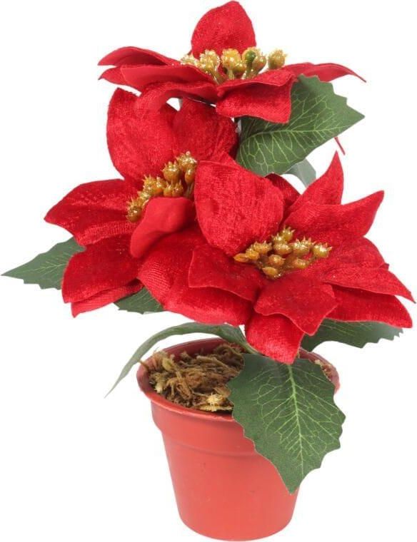 Bukiet sztucznych poinsecji welurowych w doniczce o wysokości 20 cm i średnicy doniczki 7 cm to elegancka dekoracja, która wprowadza do wnętrza świąteczny i przytulny klimat. Wysokiej jakości materiały sprawiają, że kwiaty do złudzenia przypominają żywe rośliny, a staranne wykończenie nadaje im naturalny i efektowny wygląd. Bukiet doskonale sprawdzi się jako samodzielna ozdoba na stole, parapecie, komodzie lub biurku, a także w większych kompozycjach florystycznych, stroikach i dekoracjach bożonarodzeniowych. Dzięki kompaktowym wymiarom i lekkiej konstrukcji łatwo go ustawić w dowolnym miejscu, wprowadzając subtelny akcent elegancji i świątecznego uroku. To ponadczasowa dekoracja, którą można wykorzystywać co roku, a jej uniwersalny charakter sprawia, że jest także świetnym pomysłem na prezent świąteczny.
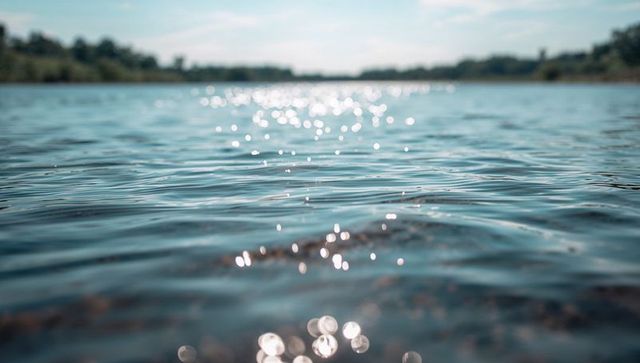 Shimmering lake surface reflecting sunlight with teal ripples and soft bokeh
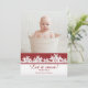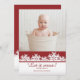 Um cartão fotográfico plano com borda de flocos de neve de papel contra fundo vermelho. Um design não religioso e moderno perfeito para todos na sua lista de mensagens de feriados.

» **PROBLEM**:
Beginning with the line containing "Shimmering lake surface" and ending with the last line of the listing above, output those lines exactly as written, without pictures.

» **SOLUTION TO THE PROBLEM**:
 Shimmering lake surface reflecting sunlight with teal ripples and soft bokeh
 Um cartão fotográfico plano com borda de flocos de neve de papel contra fundo vermelho. Um design não religioso e moderno perfeito para todos na sua lista de mensagens de feriados.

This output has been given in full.